## The problem
Your copy should repeat each record exactly and contain none of the pictures.

(Stored data)
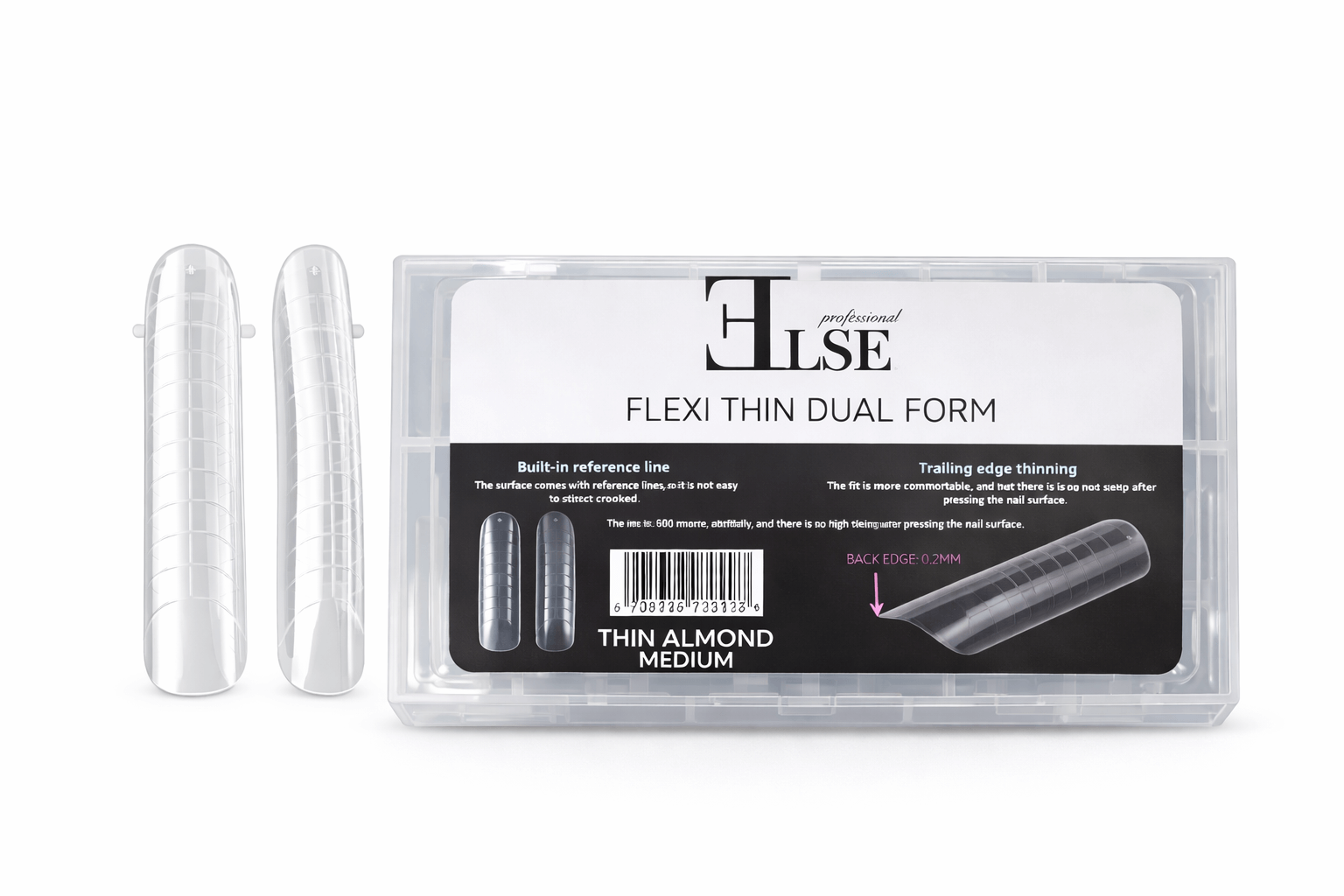 FLEXI THIN DUAL FORM – טיפס הפוך דקיק במיוחד עם סימון מובנה להנחה מדויקת ללא עיוות. מבנה מאוזן המאפשר ייבוש מלא ואחיד של החומר, שליטה גבוהה ודיוק מקסימלי בפרופורציות הציפורן.
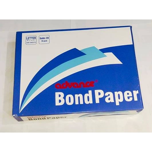 Advance Bond Paper Letter Size, short bond paper, 8 1/2" x 11" 500 Sheets 1 Ream Subs 20 70 gsm
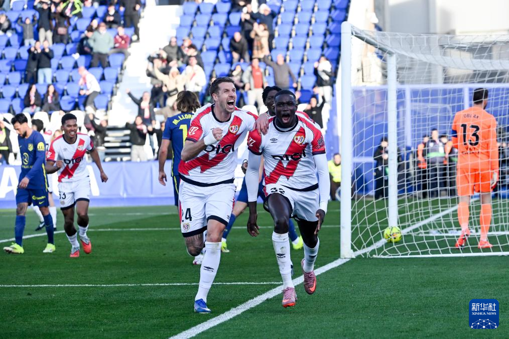2月15日,巴列卡诺队球员诺贝尔·门迪(左二)在比赛中破门得分。
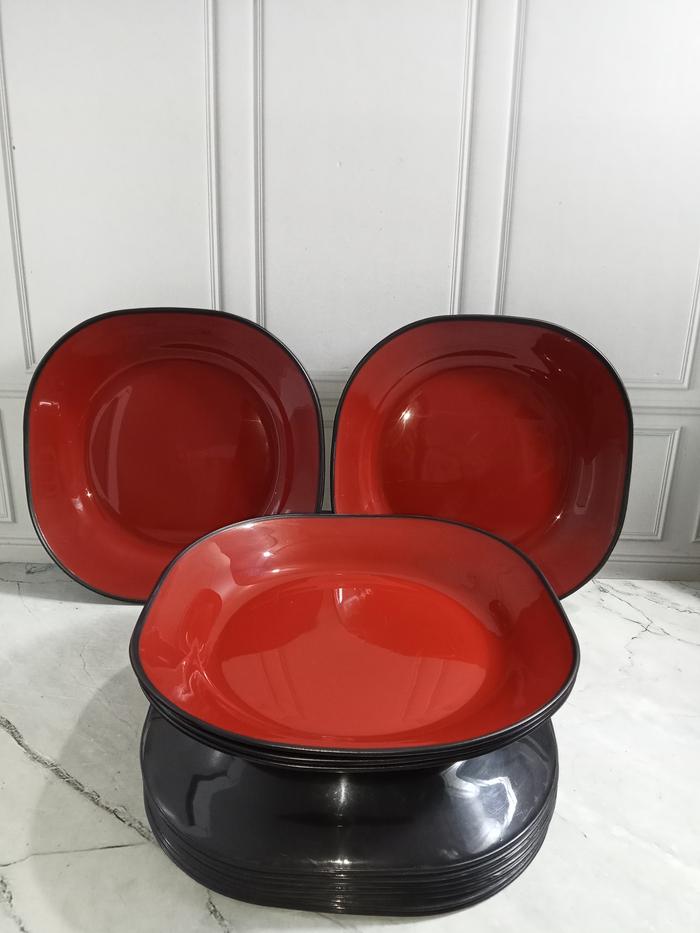 Terlaris (12 PCS) Piring Ramen Segi Serbaguna Piring Plastik Ramen Merah Viral Kitchenware - PIRING RAMEN 6PCS Elegan
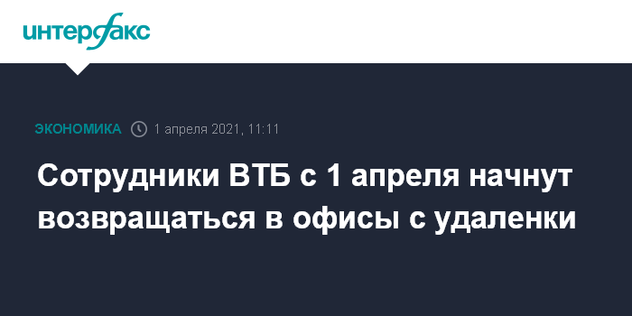 Сотрудники ВТБ с 1 апреля начнут возвращаться в офисы с удаленки
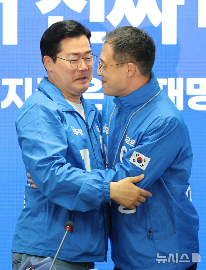 共に民主党の選挙運動ジャンパー着る金相旭議員 /ソウル(6/9)
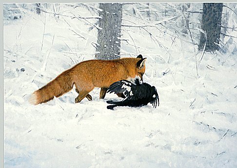 Lennart Sand. Räv med orrtupp. A5.
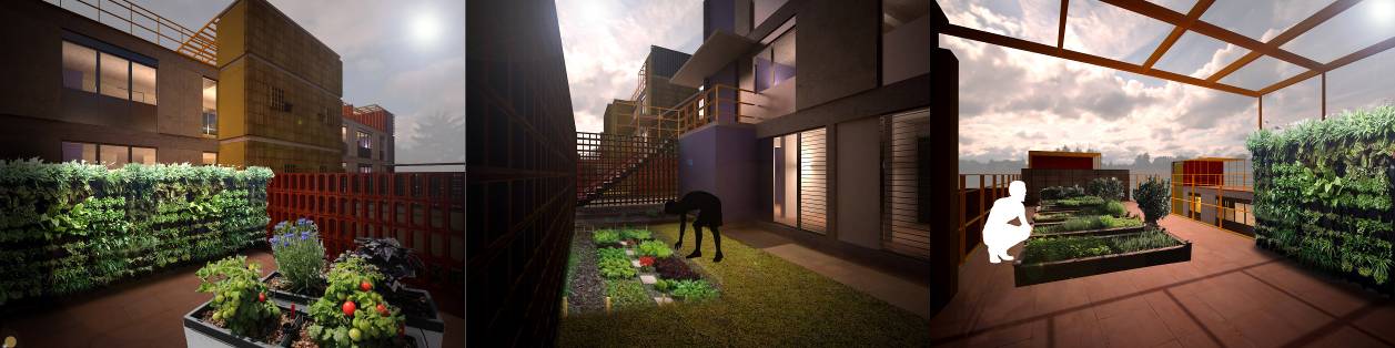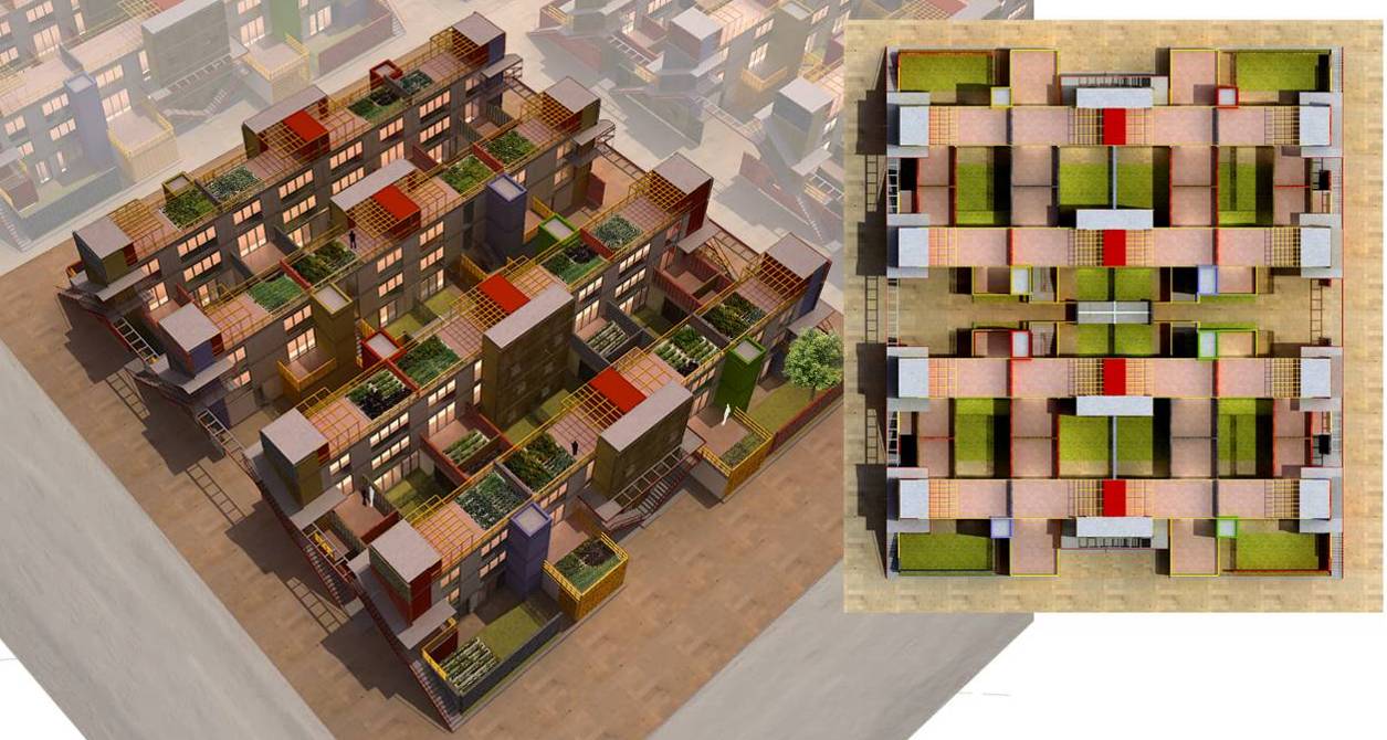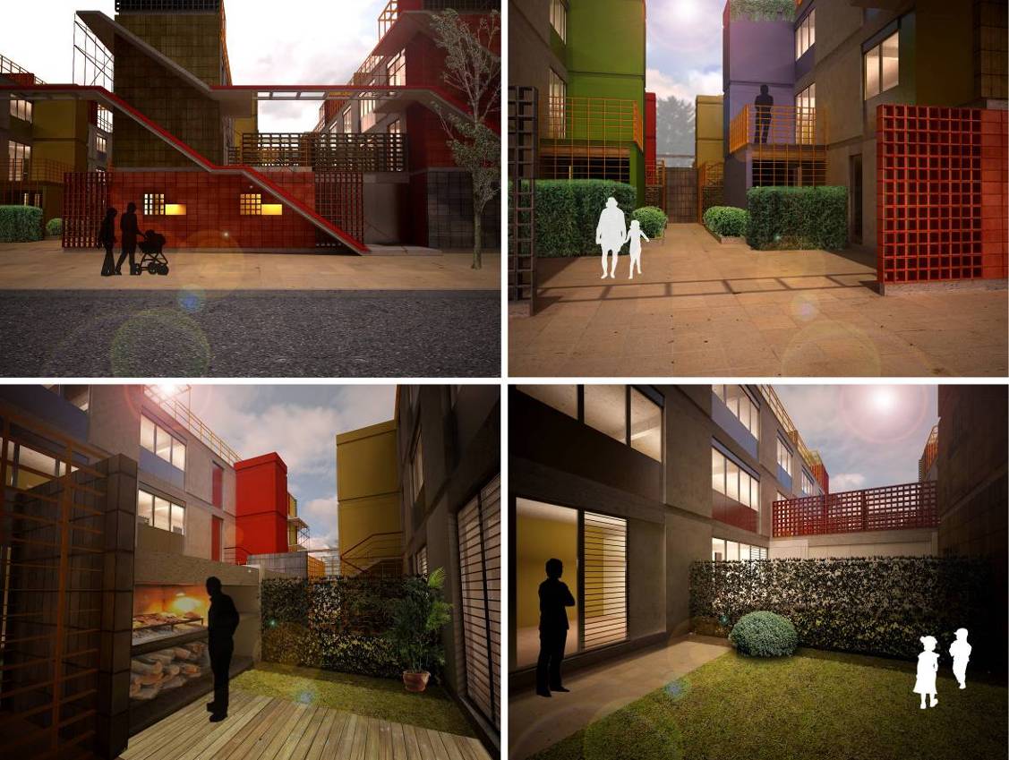 Vivienda: Es una propuesta de vivienda colectiva de bajo costo, densidad media, baja altura y porosa, que propone casas con terrazas propias en 3 niveles, articulando espacios de producción doméstica y lugares de esparcimiento. Se proponen accesos independientes y ausencia de ascensores, evitando consorcios de copropietarios y reduciendo gastos de mantenimiento

## Exercise solution
 FLEXI THIN DUAL FORM – טיפס הפוך דקיק במיוחד עם סימון מובנה להנחה מדויקת ללא עיוות. מבנה מאוזן המאפשר ייבוש מלא ואחיד של החומר, שליטה גבוהה ודיוק מקסימלי בפרופורציות הציפורן.
 Advance Bond Paper Letter Size, short bond paper, 8 1/2" x 11" 500 Sheets 1 Ream Subs 20 70 gsm
2月15日,巴列卡诺队球员诺贝尔·门迪(左二)在比赛中破门得分。
 Terlaris (12 PCS) Piring Ramen Segi Serbaguna Piring Plastik Ramen Merah Viral Kitchenware - PIRING RAMEN 6PCS Elegan
 Сотрудники ВТБ с 1 апреля начнут возвращаться в офисы с удаленки
 共に民主党の選挙運動ジャンパー着る金相旭議員 /ソウル(6/9)
 Lennart Sand. Räv med orrtupp. A5.
 Vivienda: Es una propuesta de vivienda colectiva de bajo costo, densidad media, baja altura y porosa, que propone casas con terrazas propias en 3 niveles, articulando espacios de producción doméstica y lugares de esparcimiento. Se proponen accesos independientes y ausencia de ascensores, evitando consorcios de copropietarios y reduciendo gastos de mantenimiento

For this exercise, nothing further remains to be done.